A 26-year-old recently made history by becoming the first trans and Filipino woman to be crowned Miss Intercontinental New Zealand. Arielle Keil achieved the highly coveted title after overcoming several personal struggles, including being disowned by her own family when she came out to them. Born in Davao City, Philippines, Keil emigrated to New Zealand as a toddler where she grew up in a traditional Filipino household which raised her to believe that she would rot in hell for wanting to be a woman. Despite her family firmly holding onto stereotypical gender norms, Keil chose to live life unapologetically and embrace her true self.



 

"Coming out as a gay man was nowhere near as terrifying as coming out as a transgender woman," she told Metro. "Your whole life changes and so does the way people will see you forever. I knew that being openly transgender meant that a lot of the world is going to think I'm some sick freak of nature but I always think of this when making decisions – 'when I'm 70 and on my deathbed, is this something I'm going to regret doing or not doing?' The answer was crystal clear. I'd already spent the formative years of my life as the wrong gender, I didn't want to waste my twenties in the wrong body either."



 

"This way of thinking really helped me come out to my parents because I knew that whatever their reaction was, this was something I needed to do for myself," she added. When her parents found out Keil was undergoing hormone treatment, they gave her two options: either leave home or stop the treatment. That night Keil packed her belongings into a black rubbish bag and walked out, reports the Daily Mail. "My parents kicked me out of home and didn’t take it well and it hurt me at the time but I had to understand it was a difficult time for all of us," she said.



 

"My life turned upside down when I transitioned... but I would rather go through hell as a woman than have an easy life as a man. Whatever the universe wants to throw at me - do it," Keil added. Her family has since accepted her as she is and she now has a steady relationship with them. "The silver lining is that my dad now fully accepts me as his daughter and I can see on his face that he is proud of me, like genuinely proud of me!"



 

Speaking of beauty pageants, the fashionista said that while the concept of the competitions may seem a little outdated in 2020, there's a lot more to them. "People think it's world peace and fake smiles but the women who compete are beautiful on the inside.
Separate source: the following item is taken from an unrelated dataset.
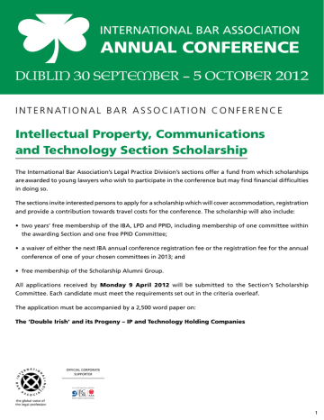 I n t e r n at i o n a l B a r A s s o c i at i o n C o n f e r e n c e Intellectual Property, Communications and Technology Section Scholarship The International Bar Association’s Legal Practice Division’s sections offer a fund from which scholarships are awarded to young lawyers who wish to participate in the conference but may find financial difficulties in doing so. The sections invite interested persons to apply for a scholarship which will cover accommodation, registration and provide a contribution towards travel costs for the conference. The scholarship will also include: • two years’ free membership of the IBA, LPD and PPID, including membership of one committee within the awarding Section and one free PPID Committee; • a waiver of either the next IBA annual conference registration fee or the registration fee for the annual conference of one of your chosen committees in 2013; and • free membership of the Scholarship Alumni Group. All applications received by Monday 9 April 2012 will be submitted to the Section’s Scholarship Committee. Each candidate must meet the requirements set out in the criteria overleaf. The application must be accompanied by a 2,500 word paper on: The ‘Double Irish’ and its Progeny – IP and Technology Holding Companies Official corporate supporter 1 Dublin 2012 The International Bar Association (IBA), the world’s largest international organisation of law societies, bar associations and individual lawyers engaged in transnational law, will hold its 2012 Conference in Dublin from 30 September – 5 October. As one of the largest international legal gatherings in 2012, it will attract over 4000 lawyers from more than 100 jurisdictions. All 55 specialist Committees of the Legal Practice Division will present programmes covering current topics of significance to commercial lawyers worldwide. The IBA’s Public and Professional Interest Division’s Committees and Other Entities will also be presenting full sessions, covering topics dealing with public interest and general professional work. For a list of IBA committees and constituents please see page 5. The working programmes will be complemented by a full social programme which helps to establish and maintain business contacts and friendships with the legal profession worldwide. Criteria (1) The Intellectual Property, Communications and Technology Section Scholarship is free to enter. It is open to all lawyers up to and including the age of 35, whether or not they are members of the IBA. Papers shall answer the following question or be based on the following topic: The ‘Double Irish’ and its Progeny – IP and Technology Holding Companies Papers must be original, unpublished works. They will not be under consideration for any commercial contract by any publishing house. The author is warranting his or her unrestricted copyright to the paper submitted. (2) Participation with a pen name will be permitted, provided that an operative contact and a valid address are provided for a term until 1 July 2012. If authors using pen names are chosen as finalists, they will be required to prove their identity, age and qualification as a lawyer. If these requirements are not met, the candidate will automatically fail. Submissions with pen names will in any case need to be disclosed by all participants once the scholar has been chosen, at the request of the scholarship committee. Pen names are mandated for lawyers working in the corporations of the members of the judging committee. (3) In the case of papers submitted under a pen name, the e-mail address or any other reference of the sender shall not disclose the real details of the participant. In the case of e-mail addresses, for example, this can be achieved by using free e-mail services. 2 (4) Papers must be sent by e-mail, preferably as Word documents or in PDF format to Charlotte Evans, Divisions Administrative Assistant at the IBA Office ([email protected]). (5) Papers are to be written in English and should be at least 2,500 words. The text should be doublespaced. Each paper must contain the author’s name or the author’s pen name, and a valid contact address on the front page. (6) Papers must be submitted and received by Monday 9 April 2012. Papers received after this time will not be considered. (7) The Scholarship Committee will consist of Officers of the IBA Intellectual Property, Communications and Technology Section. They will judge the papers primarily on the basis of legal argumentation, research, style, logic, originality and overall quality of the content. An international, rather than a strict domestic, approach would be appreciated. Factors such as financial need and geographical diversity may also be considered. (8) It is planned that the IBA Office will communicate the Scholarship Committee’s decision to the winner and possibly any additional finalists by the middle of June 2012 along with a request for their identification as per rule 2. (9) The decision of the judging committee is final and no correspondence will be entered into. The decision will be published on the IBA website. Winners will be contacted at the e-mail address indicated by them on the paper. They will be requested to provide a biographical note giving details of their legal career, studies and professional appointments. (10) The prize for the winning paper is as follows: • Free registration for the IBA 2012 Annual Conference, 30 September – 5 October, Dublin, Ireland. • A contribution towards travel costs to the conference. • A contribution towards accommodation costs while attending the conference. • Two years’ free membership of the IBA, LPD and PPID including membership of one committee within the awarding section and one free PPID Committee. • A waiver of either the next IBA annual conference registration fee or the registration fee for the next specialist conference of their chosen committee. • Free membership of the Scholarship Alumn

They're out doing stuff in their communities. They're educated. For me, they're like badass and I always wanted to be like that," said Keil. "The pageant was an amazing experience! It’s something I’ve wanted to do for the longest time so to actually live out my dream has been amazing!"



 

"I would say to any Filipinos going on a similar journey to stay true to themselves always. Don’t ever let people’s opinions dilute your soul as a person. You only have one life, live it on your terms," she added. Addressing the backlash New Zealand faced after introducing a number of new curriculum guidelines that enable school children to choose their own gender and pronouns, Keil pointed out that it's not something anyone should worry about. "They're not asking you to transition with them, it won't change your daily life. You won't lose anything by being kind, loving, and supportive," she said.